The army has its own gee-whiz counter-terrorism operators, the GIGN, that works with the national police force. All that said, not only did French intelligence fail to stop the Nov. 13 terror attacks, it was unable to track down surviving members of that ISIS network without the help of Moroccan intelligence.
Rating: 4, but hope for improvement.
• Belgium’s Sûreté de l’État may rank as the worst in Europe. The problem is structural: Belgium is two countries. In the north, people speak Flemish, which is really Dutch, while in the south, the Walloons speak French. I remember being in Brussels in 1981 and stumbling into a full-blown, Molotov cocktail-tossing riot between French speakers and Flemish speakers. It was the worst ethnic (linguistic?) violence I would see until I deployed to Kosovo in 1999.

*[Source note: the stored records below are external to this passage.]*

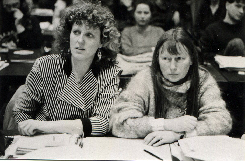 | Beschreibung | Dagmar Orwen und Rotraut Grashey auf einer Grünen Delegiertenversammlung, ca. 1988 | ||
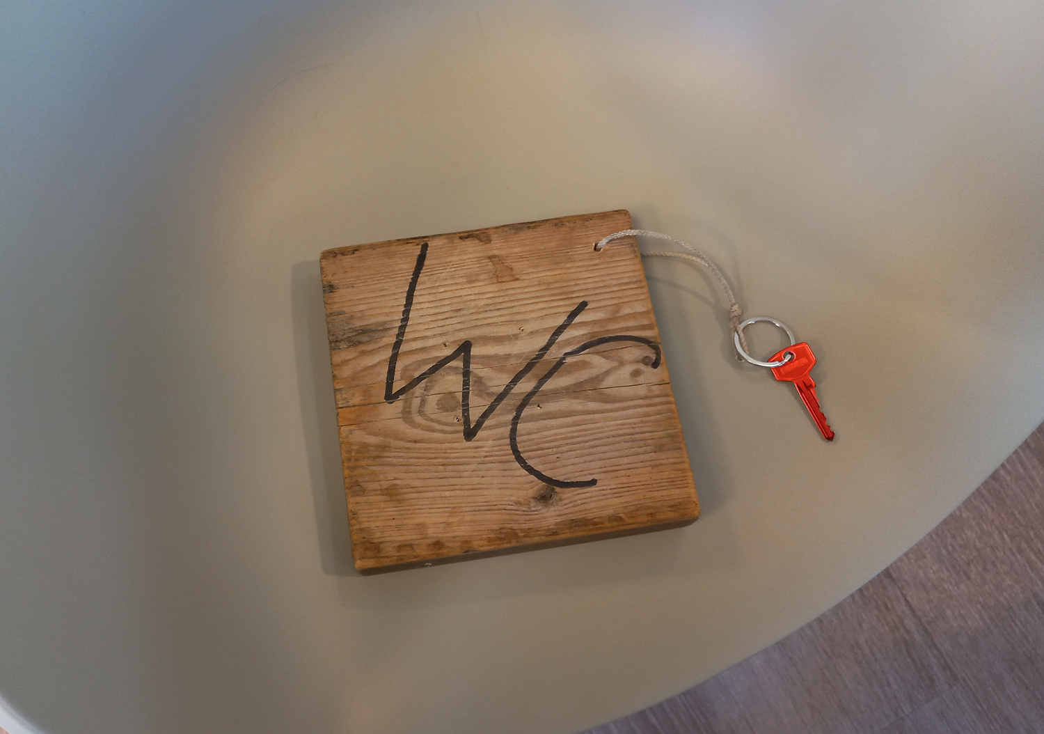점심 끝내고 카운터에서 건네받은 화장실 키 홀더! 카운터 아가씨도 나도 빵 터졌다. 다른 손님들에게도 보여줘 같이 웃었다. 키를 잃어버리지 않게 짜낸 아이디어.
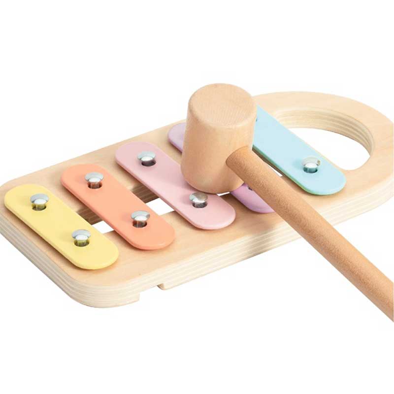 При удряне на топките с дървеното чукче те минават през отворите и падат върху ксилофона, като издават уникални звуци. В допълнение, ксилофонът може да се отдели и да се използва само с чукчето за издаване на по-добри музикални звуци. Това насърчава интереса към музиката и ритъма и развива музикалните умения на детето.
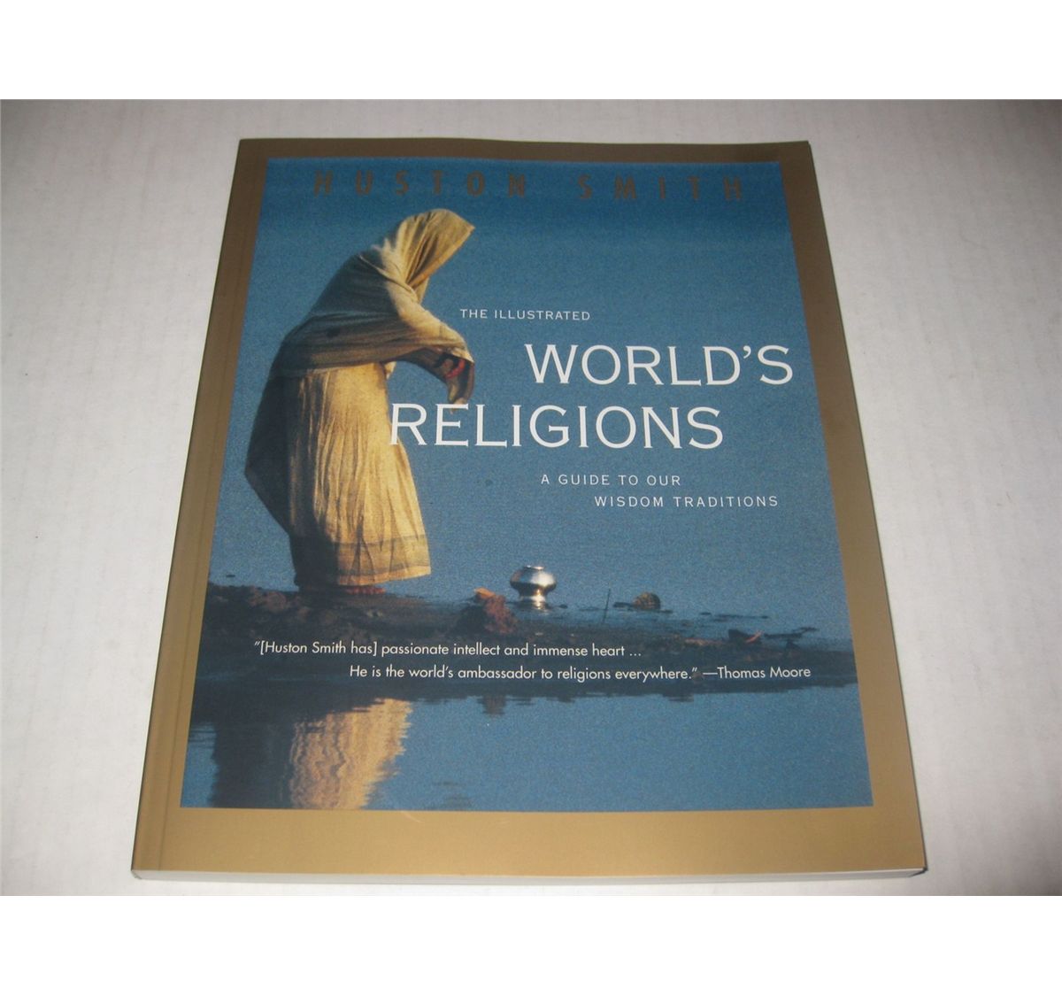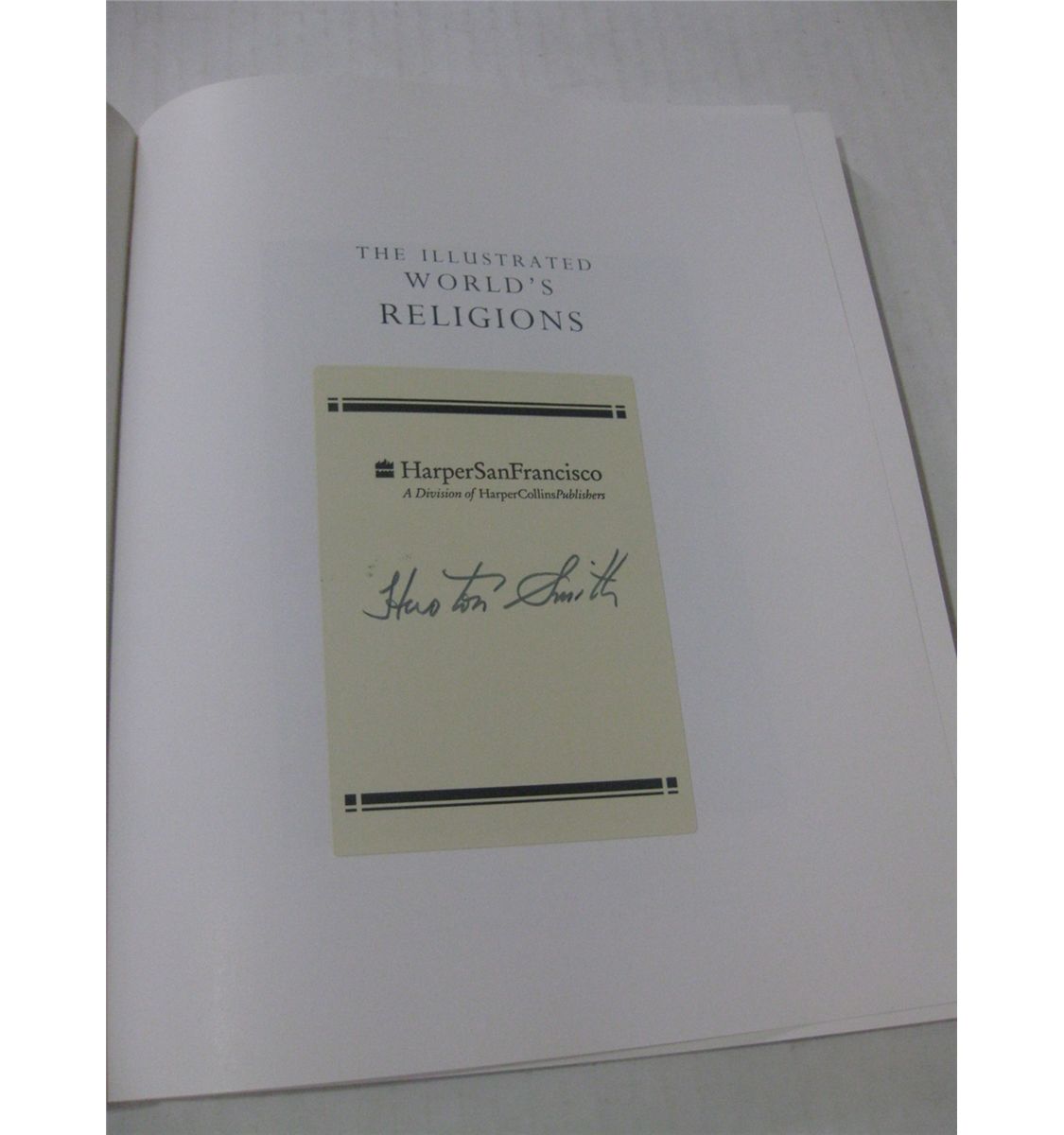 THE ILLUSTRATED WORLDS RELIGIONS A Guide to Our Wisdom Traditions” soft cover Book HAND SIGNED by Huston Smith on a book plate in black felt pen and affixed to the first inside page.
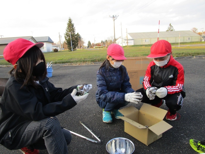 11月10日 クラブ活動 2022年11月11日(金) 今年度のクラブ活動も終盤となりました。 科学実験クラブはプラバンづくりに挑戦。イラスト選びと描く作業に時間を要しましたが、出来上がりはあっというまです。オーブントースターの中でクシャクシャと縮む様子を楽しみました。 ものづくりクラブは毛糸のボンボンマスコットづくりに挑戦。毛糸を一生懸命巻いて、ハサミでボンボンを整えて、目や口をつけて歓声ですが、毛糸がバラバラになったりと悪戦苦闘しながら作成しました。 野外活動クラブは落ち葉で焼き芋づくりに挑戦。煙に耐えながら美味しい焼き芋を完成させました。
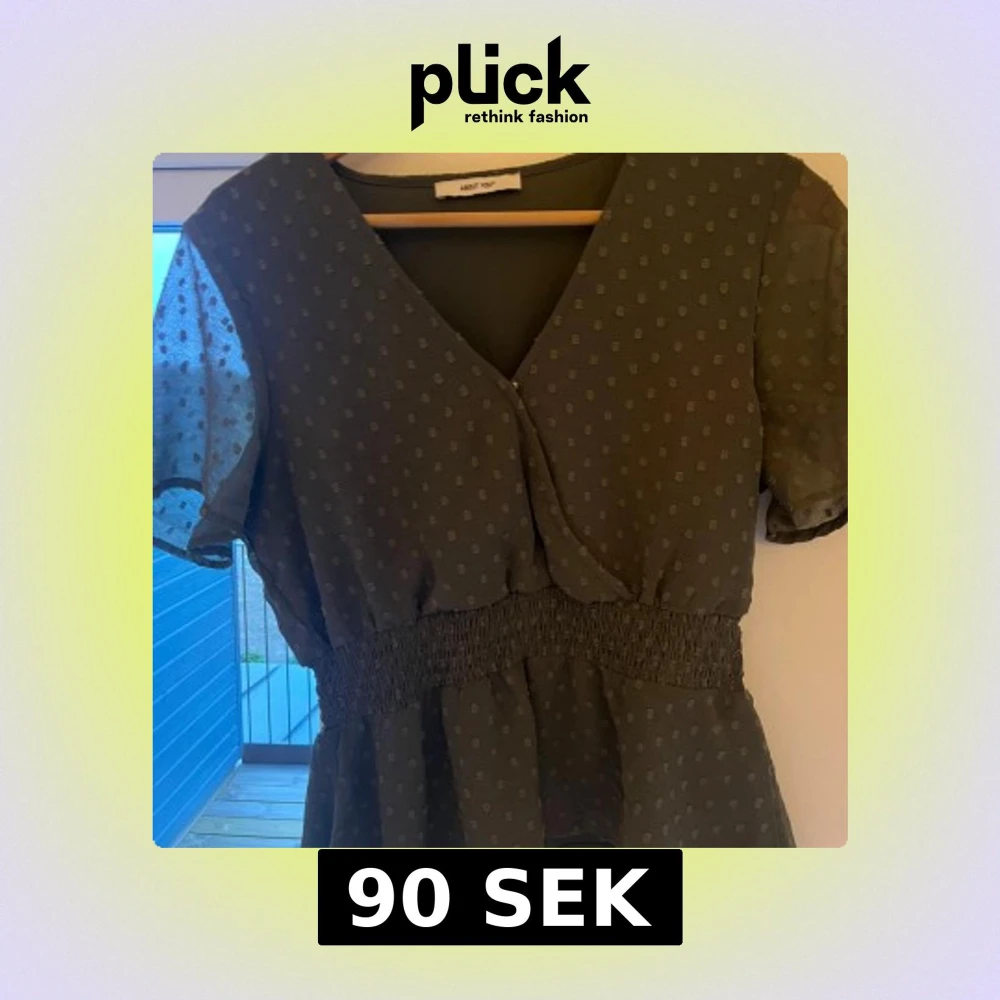 Supersöt grön blus från About You med små prickar och markerad midja med smock. Blusen har korta ärmar i transparent tyg och v-ringad hals. Perfekt för vår och sommar!
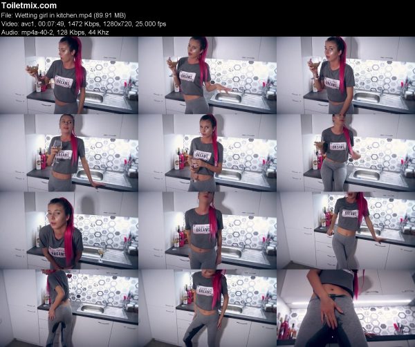Wetting girl in kitchen
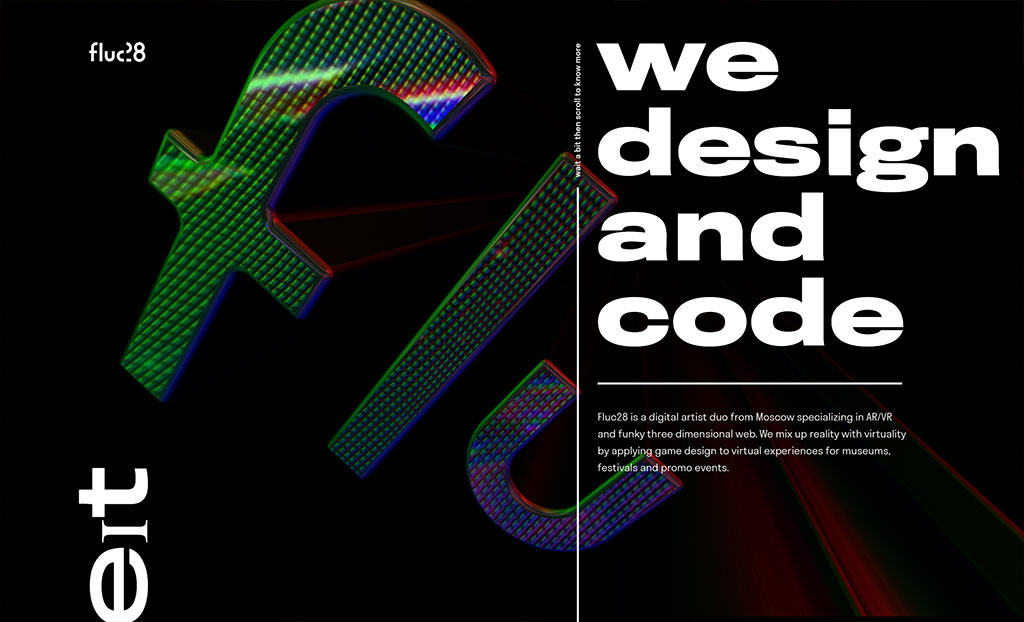 "Fluc28 é uma dupla de artistas digitais de Moscou especializada em AR/VR e web tridimensional estilosa. Misturamos realidade com virtualidade aplicando design de jogos a experiências virtuais para museus, festivais e eventos promocionais."
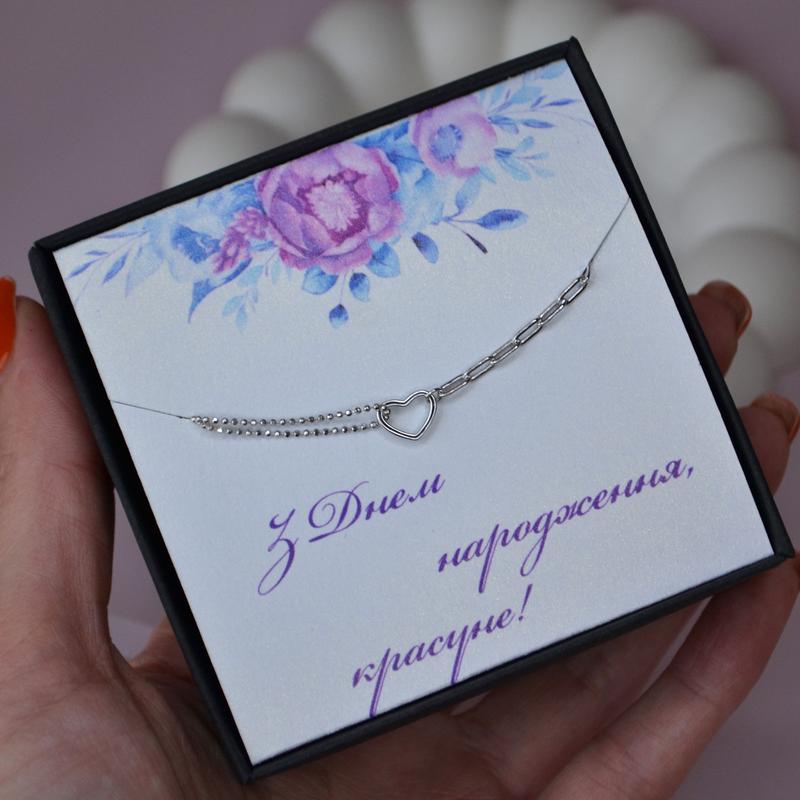 Трендовий подарунок для любителів мінімалізму. Стильне кольє із сердечком та листівка для дівчини. Ідеальне привітання для коханої з днем народження. В комплекті прикраса, листівка та подарункове упакування та інструкція по догляду за прикрасою. Такий подарунок буде єдиний та унікальний, адже це ручна робота. Відправлення здійснюється кожен день транспортною компанією Нова пошта. Також, за бажанням, Ви можете відправити подарунок анонімно. Доступна оплата при отриманні та на карту. Виконуємо персоналізований текст на листівці. Для цього надішліть Ваш текст і ми підготуємо дизайн майбутньої листівки. Термін виконання індивідуального замовлення 1-2 дні. Текст розміщується на листівці 8*8 см. Вартість персоналізованого дизайну +50 грн до суми замовлення.
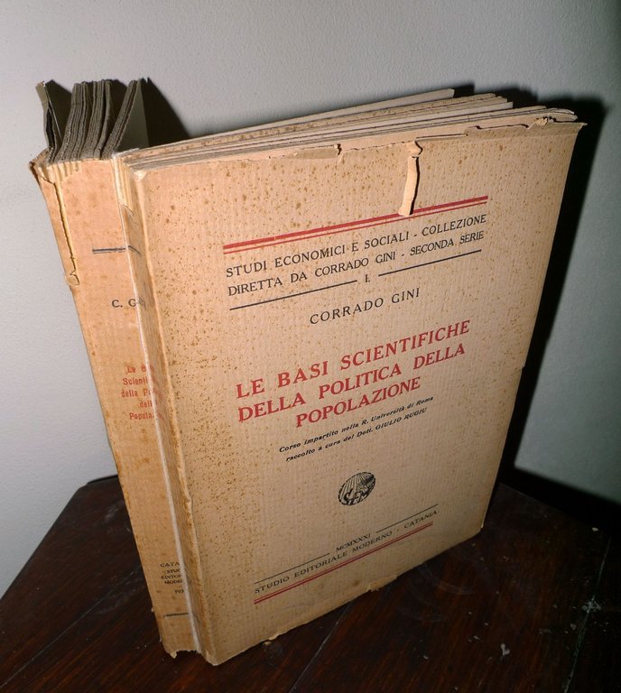 Corrado Gini,LE BASI SCIENTIFICHE DELLA POLITICA DELLAPOPOLAZIONE.Corso impartito nella R. Università di Romaraccolto a cura del Dott. Giulio Rugiu.Studio Editoriale Moderno, Catania 1931,brossura, 25x18 cm., pp.342,STUDI ECONOMICI E SOCIALI / I,collezione diretta da Corrado Gini,peso: kg.1cod.10292CONDIZIONI DEL LIBRO: buone,strappetti ed imperfezioni alla copertinae al dorso,pagine leggermente ingiallite ai margini,quasi completamente intonso (fogli chiusi)
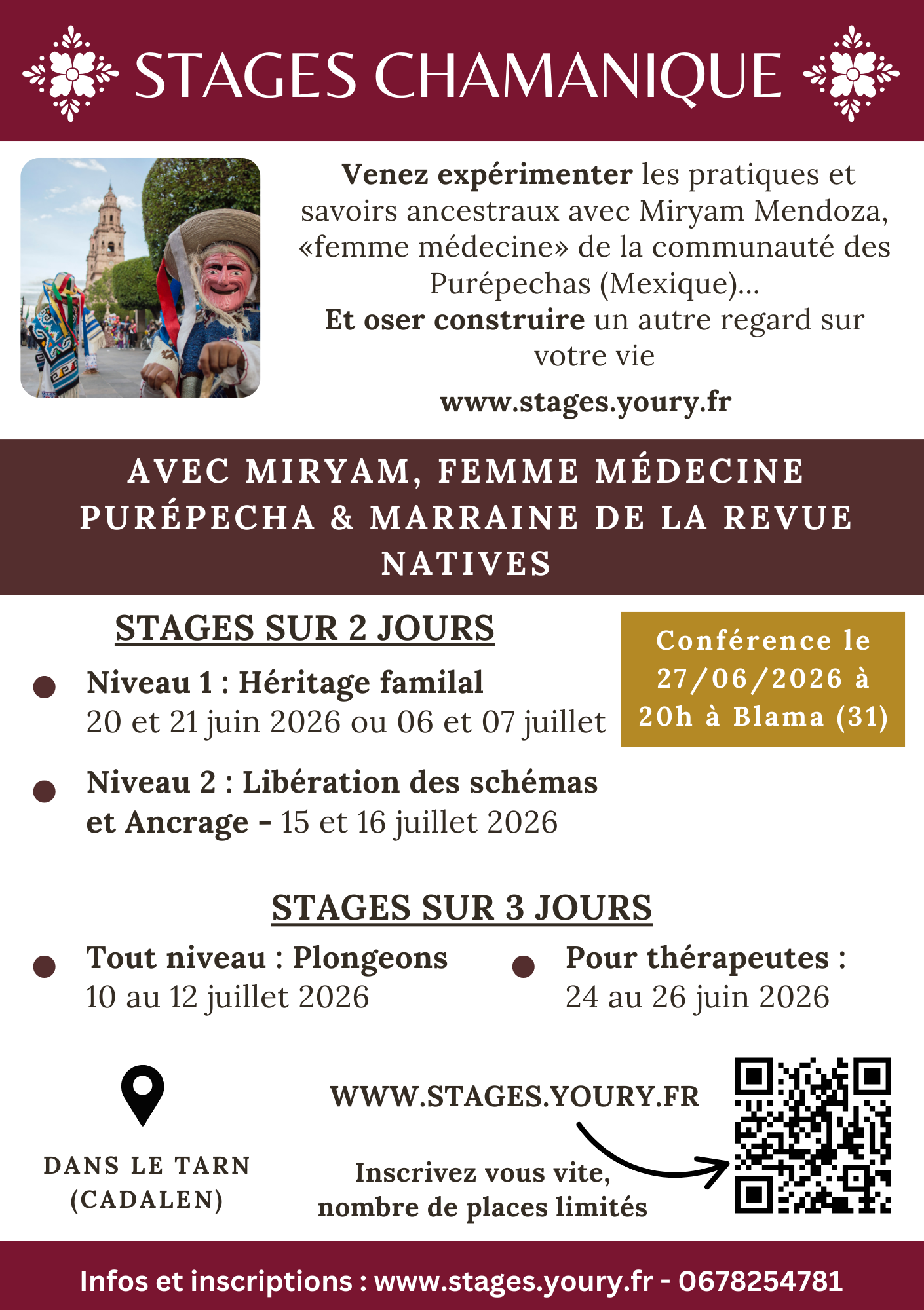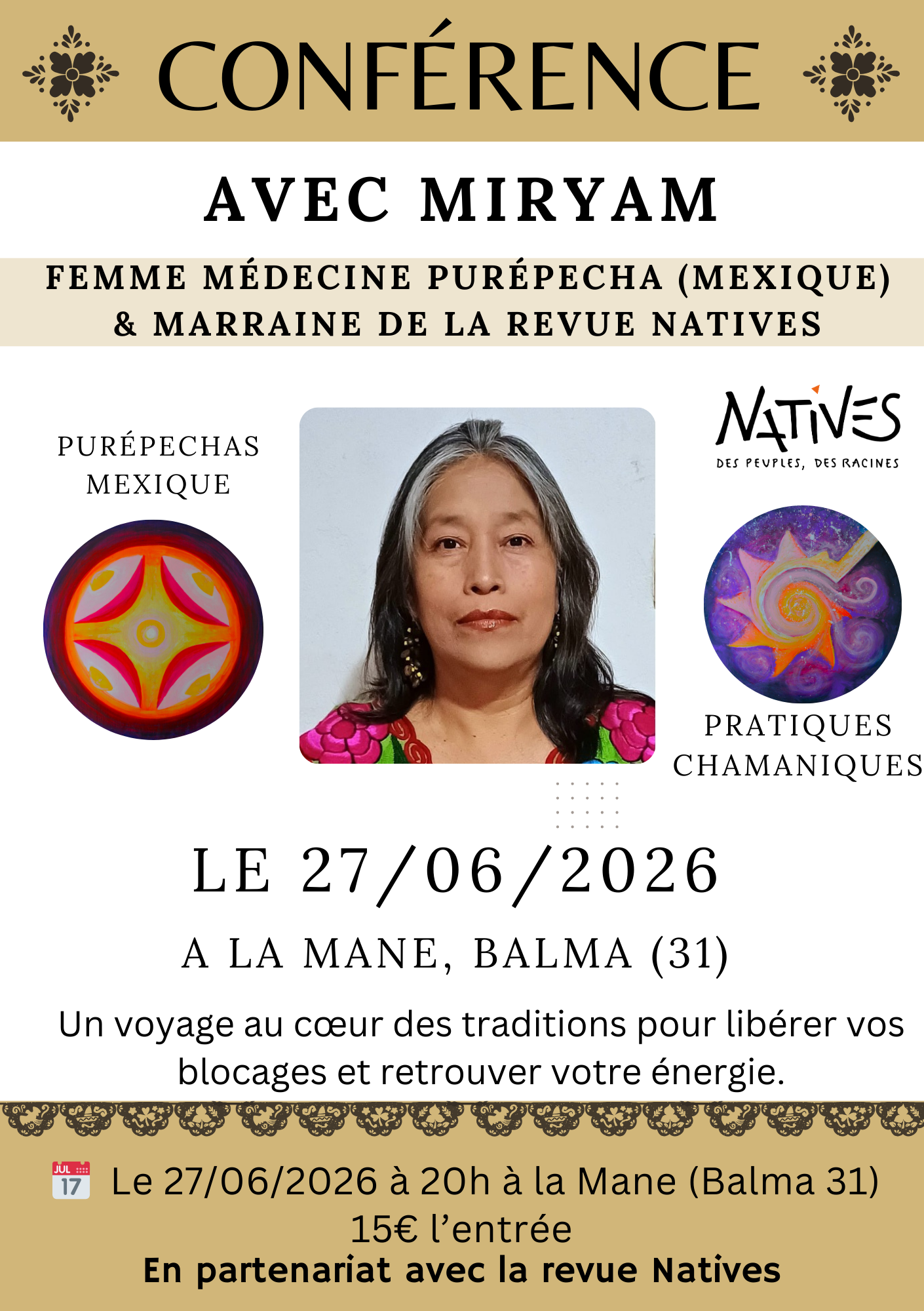 Miryam transmet le savoir ancestral de sa communauté Purépecha, une approche chamanique traditionnelle mexicaine qui agit sur l’énergie, les ancêtres et nos mémoires. Elle révèle les blocages et dégage le chemin pour avancer vers un nouvel équilibre de vie.

In a hugely prescient, but unnoticed, moment of candor, one of Belgium’s counter-terrorism operatives told Buzzfeed (yes, BuzzFeed) that his agency is overwhelmed:
“We just don’t have the people to watch anything else and, frankly, we don’t have the infrastructure to properly investigate or monitor hundreds of individuals suspected of terror links, as well as pursue the hundreds of open files and investigations we have,” the official, who spoke on condition of anonymity because he was not authorized to speak to the media, said. It’s literally an impossible situation and, honestly, it’s very grave.”
Belgian security officials have warned for years that they lack sufficient operating budgets and personnel, and Belgium’s bulky bureaucracy makes it difficult to share intel internally, much less with allies and other EU nations.
Rating zero. Expats … you might want to be selecting another country.